(Problem statement): Write the data out again exactly, dropping any images it holds.

(Information provided):
____________

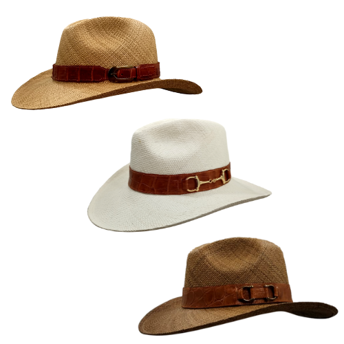 Tejido a mano con palma de toquilla en Ecuador para Dama y Caballero. Tocado en piel con diseños exclusivos.
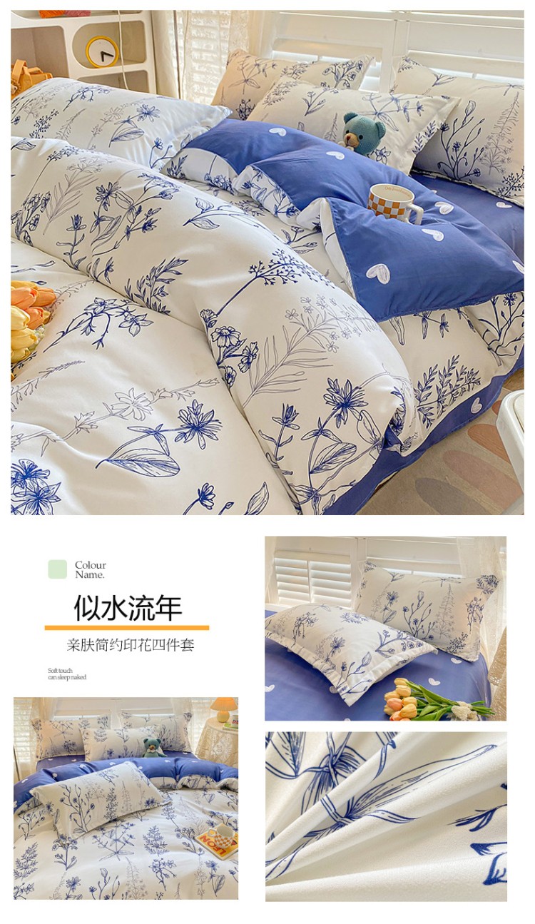 商品名称:卡斯诺 2025新款植物羊绒磨毛四件套 似水流年
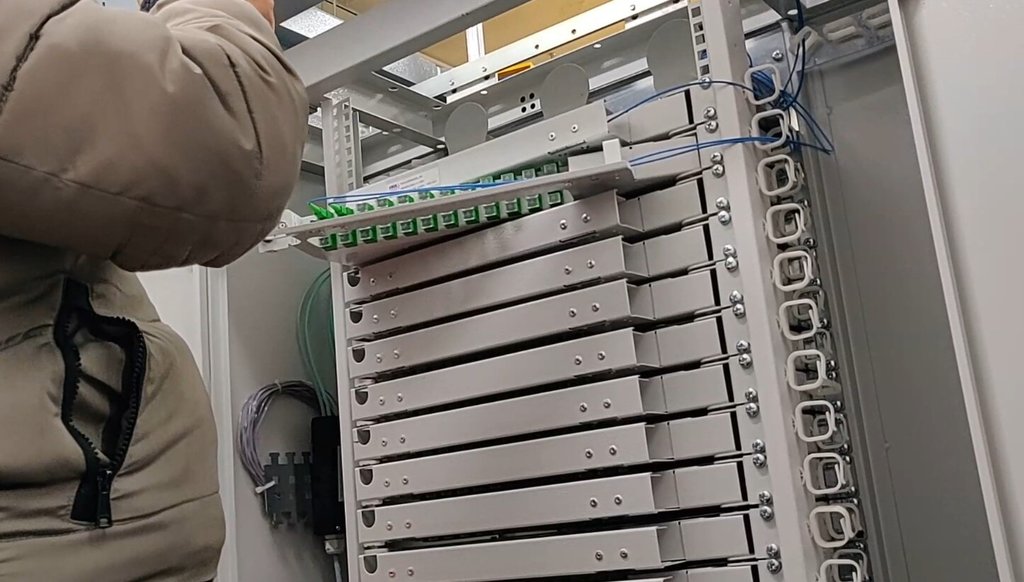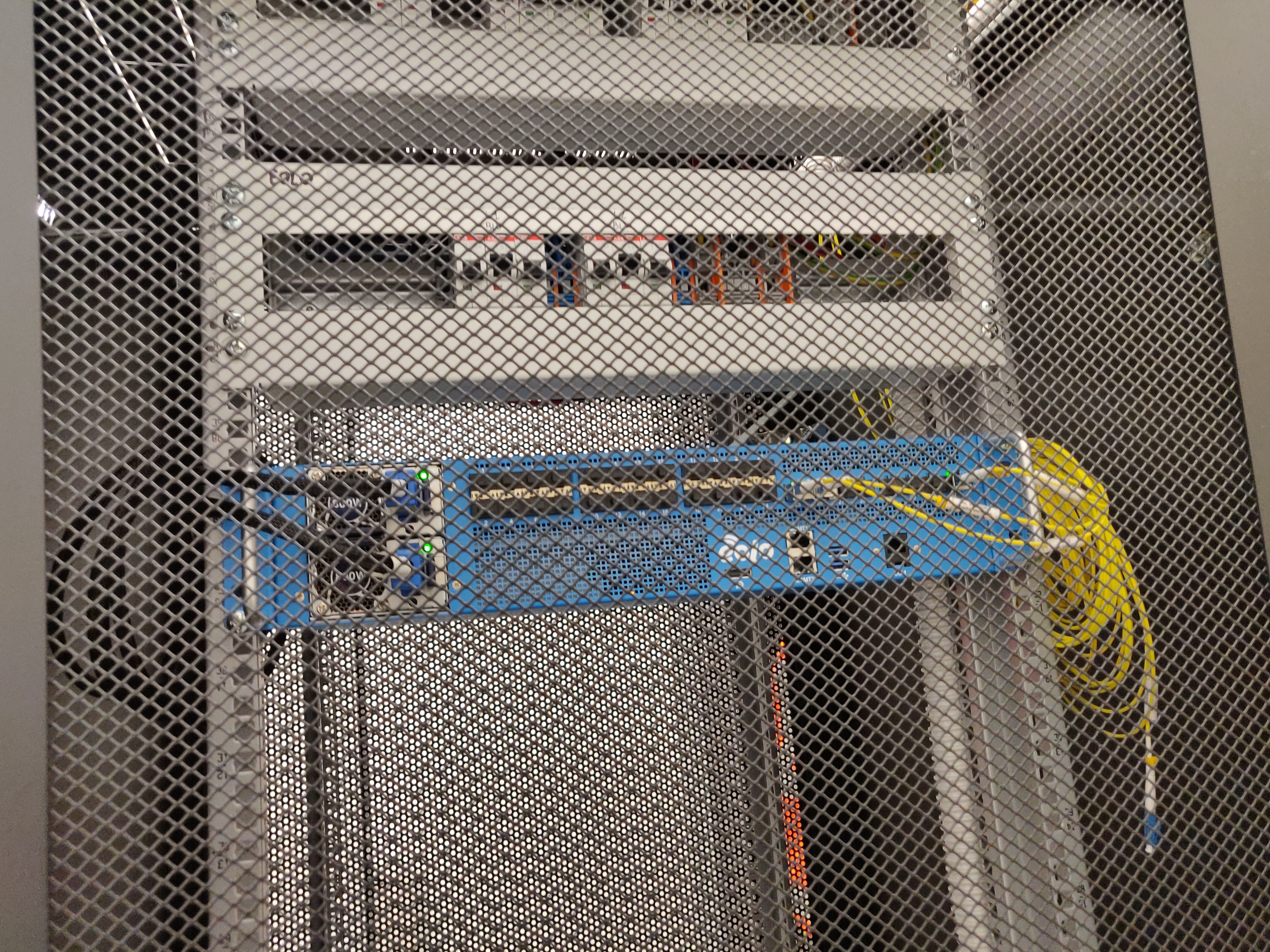 Nei rack sulla destra ci sono gli apparati della rete BUL e di Open Fiber. Questi sono i cassetti ottici dove arrivano le fibre ottiche della rete pubblica primaria:
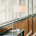 TMD Table Lampは、円筒のクラッシックなシェードを横から支えるテーブルランプです。1961年のデビューから高い評価を得ているTMMフロアランプのコンセプトであるミニマルな構造を生かし、1996年TMMのデザイナーMiguel MilaとSanta&Coleの協働により新たに誕生したテーブルランプです。美しいサテンニッケル仕上げのフレームと白いリネン製のランプシェード、ケーブルを使ったスイッチの仕組みや根元のリングなどはフラッグの構造からイメージされました。

____________

(Solution for this problem):
 Tejido a mano con palma de toquilla en Ecuador para Dama y Caballero. Tocado en piel con diseños exclusivos.
 商品名称:卡斯诺 2025新款植物羊绒磨毛四件套 似水流年
 Nei rack sulla destra ci sono gli apparati della rete BUL e di Open Fiber. Questi sono i cassetti ottici dove arrivano le fibre ottiche della rete pubblica primaria:
 TMD Table Lampは、円筒のクラッシックなシェードを横から支えるテーブルランプです。1961年のデビューから高い評価を得ているTMMフロアランプのコンセプトであるミニマルな構造を生かし、1996年TMMのデザイナーMiguel MilaとSanta&Coleの協働により新たに誕生したテーブルランプです。美しいサテンニッケル仕上げのフレームと白いリネン製のランプシェード、ケーブルを使ったスイッチの仕組みや根元のリングなどはフラッグの構造からイメージされました。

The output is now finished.